What the AI ​​companies said happened

AI For Business


Written by Akash Shriram

The Amazon-backed company said it was ready to cooperate with the military. However, there are no conditions.

We have also filed a related lawsuit in the U.S. Court of Appeals for the DC Circuit challenging other legal powers invoked by the government.

The following discussion is based on claims made by Anthropic in its lawsuit.

What anthropology tells us about this conflict

The company says Claude has not been tested for these applications and cannot be used safely. It also said it has offered to help transfer operations to another provider if an agreement cannot be reached.

Pentagon officials have offered alternative explanations for how the conflict began.

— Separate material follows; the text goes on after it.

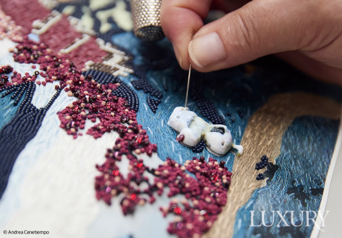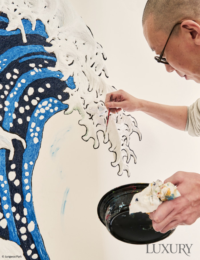 그간 유화 작업과 드로잉을 위주로 한 작업을 선보여온 우국원은 “물감을 가지고 노는 것을 즐긴다. 작업을 하면서 물감으로 할 수 있는 것은 모두 다 시도해보고 있다”라고 직접 밝혔을 정도로 회화적 실험에 계속해서 도전하고 있는 인물이다. 이번 프로젝트에서 백 에디션만이 아니라 순수 회화 작품도 함께 공개한 그는 물감을 두껍게 쌓아가거나 긁어내면서 마티에르를 적극적으로 활용한 작품을 통해 고유의 스타일을 드러냈다. 패션 또한 사람들에게 가까운 예술의 한 장르로 느껴진다는 작가는 이번 작업을 통해 자신이 시도하고 있는 다양한 회화적 실험과 새로운 스타일을 레이디 디올에 반영했다. 물감으로 채색할 수 없는 것들을 자수와 비즈로 표현했고, 이전의 그 무엇과도 다른 질감으로 레이디 디올을 재탄생시켰다. 그야말로 레이디 디올의 ‘뉴 룩’인 셈이다.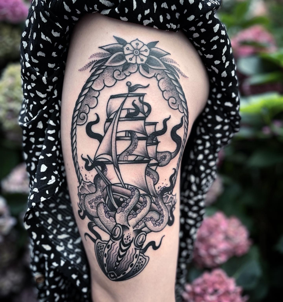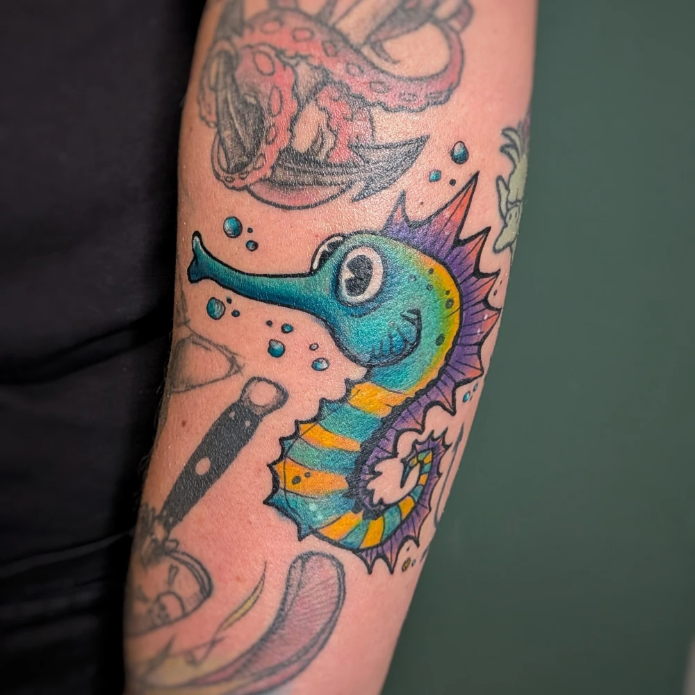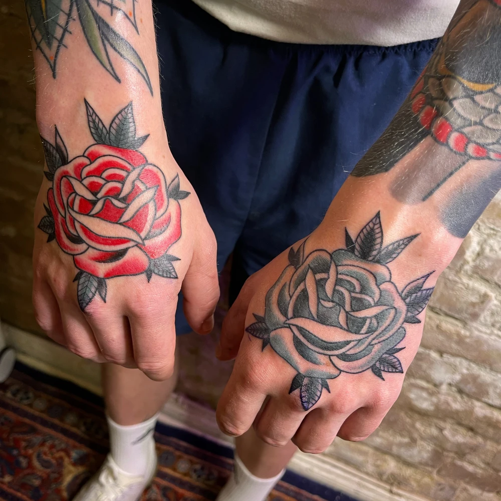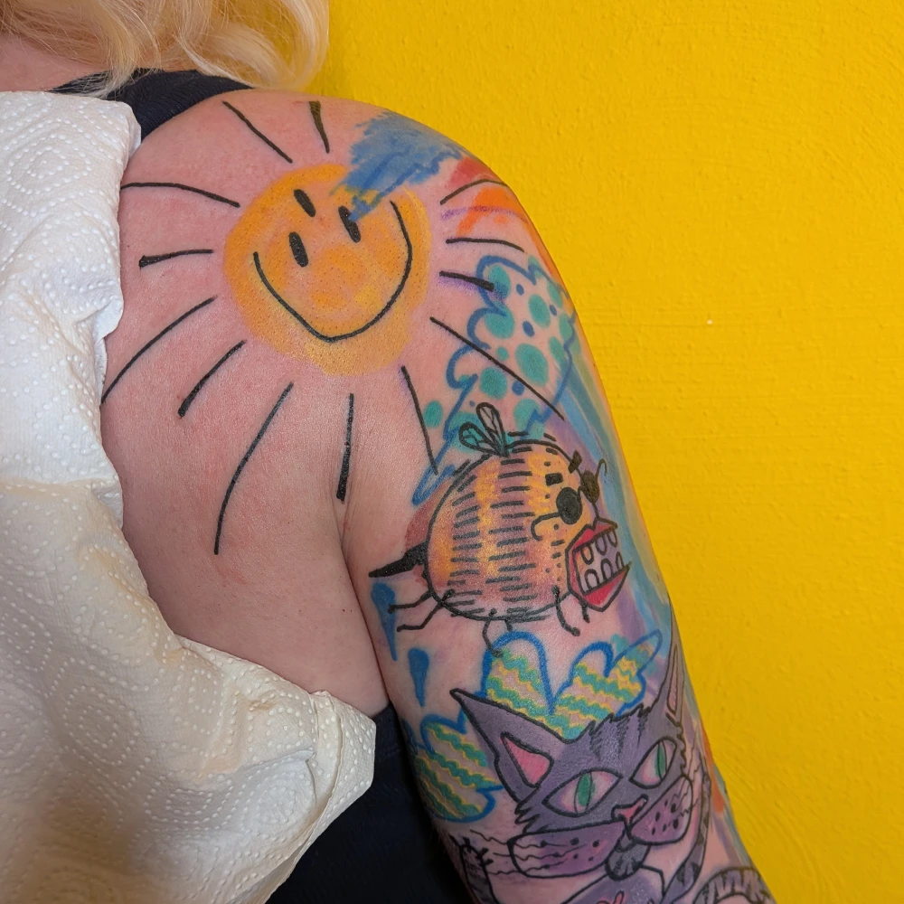 Berlin ist mein Atelier, die Haut meine Leinwand. Seit 2007 bringe ich Farbe und Form zusammen – von knallig-bunten Oldschool-Motiven bis zu kraftvollem Blackwork. Jedes Tattoo ein Statement, präzise und für die Ewigkeit. Kreativität kennt keine Grenzen: Auch hinter der Kamera erzähle ich Geschichten, die bleiben.

The department’s chief technology officer said publicly that tensions escalated after a US raid in Venezuela, when an Anthropic executive called a counterpart at Palantir to ask whether Claude had been used in the operation.

That account is not named in Anthropic’s complaint.

From ultimatums to total bans

In a social media post, the president characterized Anthropic as a “radical left-wing crazy company.”

The agency was quick to help. The General Services Administration terminated Anthropic’s government-wide contract. The Treasury Department, state governments, and the Federal Housing Finance Agency have publicly severed ties. Anthropic’s complaint alleges that hours after the ban, the Pentagon launched a major airstrike against Iran using Anthropic’s tools.

Why Antropic decided to file a lawsuit

Anthropic maintains that the supply chain designation has no factual basis. The company points to its FedRAMP authorization, active security clearances, and years of government praise, ​including from Hegseth, who called Claude’s capabilities “exquisite” at the ‌February 24 meeting.